▸ GIVEN RECORDS
*****
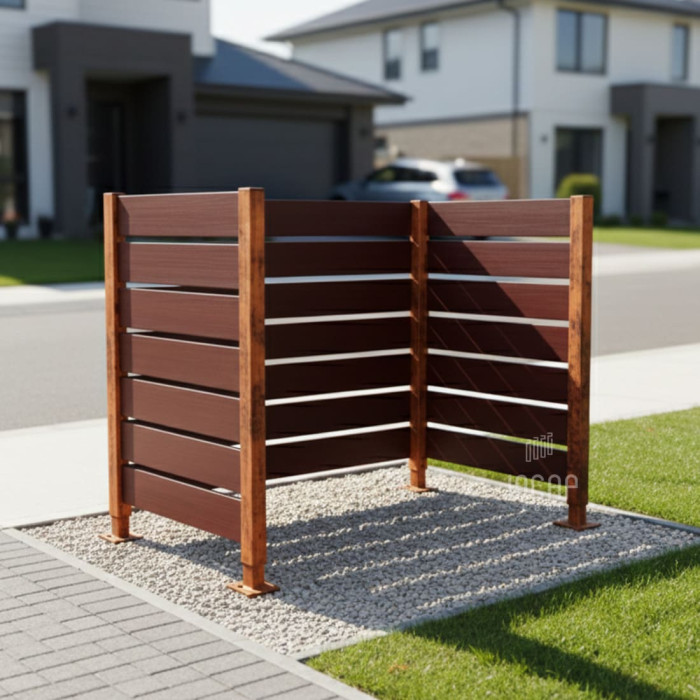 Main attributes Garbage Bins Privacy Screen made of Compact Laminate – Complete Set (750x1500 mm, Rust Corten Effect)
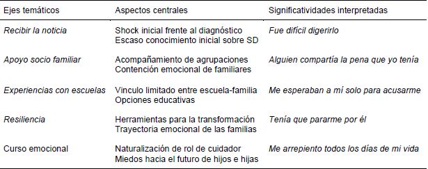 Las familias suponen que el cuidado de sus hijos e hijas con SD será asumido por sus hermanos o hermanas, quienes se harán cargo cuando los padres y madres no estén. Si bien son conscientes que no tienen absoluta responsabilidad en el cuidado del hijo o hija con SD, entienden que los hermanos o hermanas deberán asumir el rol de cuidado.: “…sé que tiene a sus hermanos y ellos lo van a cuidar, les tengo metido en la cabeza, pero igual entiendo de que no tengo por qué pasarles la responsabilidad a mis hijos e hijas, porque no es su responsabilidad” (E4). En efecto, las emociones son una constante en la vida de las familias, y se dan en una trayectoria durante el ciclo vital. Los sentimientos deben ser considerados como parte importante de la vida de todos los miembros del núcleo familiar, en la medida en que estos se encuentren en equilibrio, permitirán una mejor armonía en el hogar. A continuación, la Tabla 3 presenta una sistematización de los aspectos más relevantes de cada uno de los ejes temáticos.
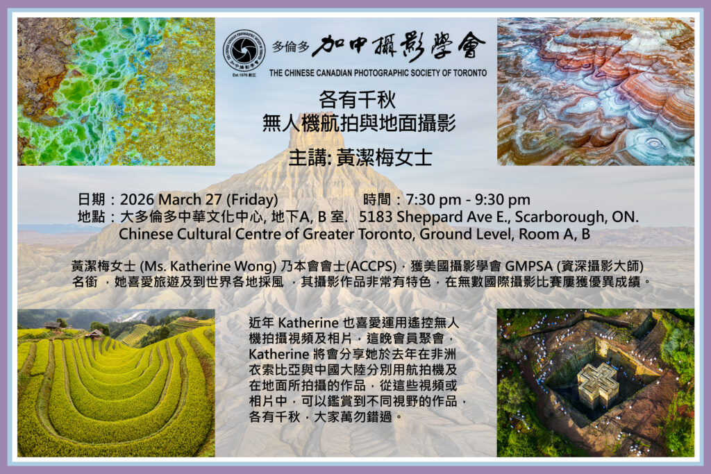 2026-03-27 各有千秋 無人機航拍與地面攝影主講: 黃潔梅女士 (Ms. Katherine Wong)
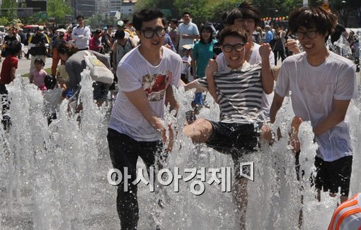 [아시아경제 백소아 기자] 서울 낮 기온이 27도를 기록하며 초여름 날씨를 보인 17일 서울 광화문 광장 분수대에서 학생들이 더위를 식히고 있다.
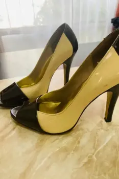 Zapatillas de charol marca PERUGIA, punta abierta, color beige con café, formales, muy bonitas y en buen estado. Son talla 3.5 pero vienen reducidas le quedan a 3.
*****
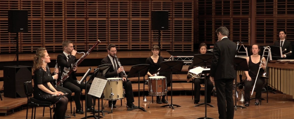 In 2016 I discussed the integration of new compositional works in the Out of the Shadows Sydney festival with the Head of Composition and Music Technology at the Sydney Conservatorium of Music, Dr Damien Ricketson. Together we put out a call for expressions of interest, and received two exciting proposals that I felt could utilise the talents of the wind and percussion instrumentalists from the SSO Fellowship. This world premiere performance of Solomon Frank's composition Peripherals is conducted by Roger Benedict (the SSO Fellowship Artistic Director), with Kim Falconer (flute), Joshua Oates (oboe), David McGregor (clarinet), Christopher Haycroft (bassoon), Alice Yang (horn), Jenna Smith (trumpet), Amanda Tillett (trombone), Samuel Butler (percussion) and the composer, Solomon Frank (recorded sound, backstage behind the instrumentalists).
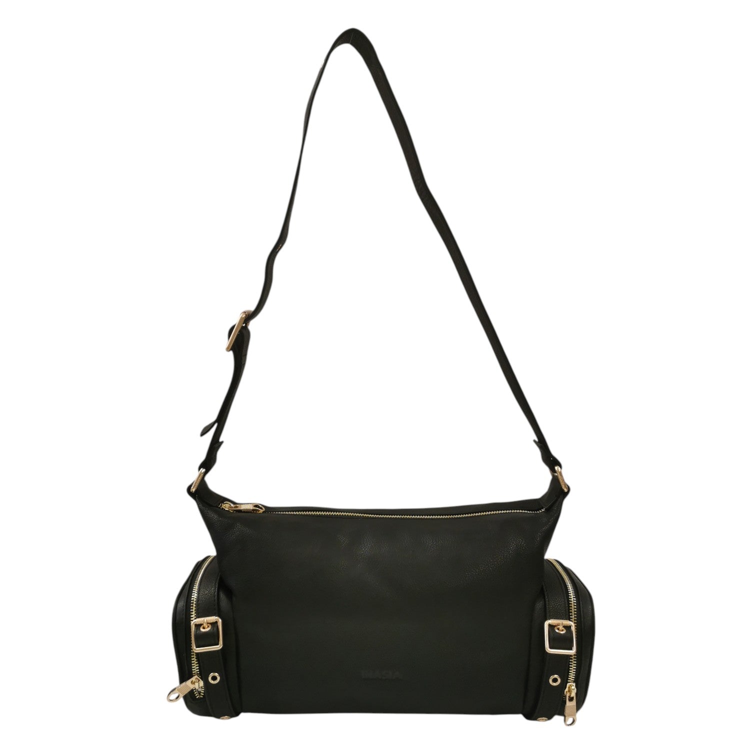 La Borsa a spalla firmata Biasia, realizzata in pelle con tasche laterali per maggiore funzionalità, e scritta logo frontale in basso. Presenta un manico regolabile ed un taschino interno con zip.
*****
Drop the pictures; return the lines above from the line containing "[아시아경제 백소아 기자]" to the line containing "Zapatillas de charol", both included, exactly.

 [아시아경제 백소아 기자] 서울 낮 기온이 27도를 기록하며 초여름 날씨를 보인 17일 서울 광화문 광장 분수대에서 학생들이 더위를 식히고 있다.
 Zapatillas de charol marca PERUGIA, punta abierta, color beige con café, formales, muy bonitas y en buen estado. Son talla 3.5 pero vienen reducidas le quedan a 3.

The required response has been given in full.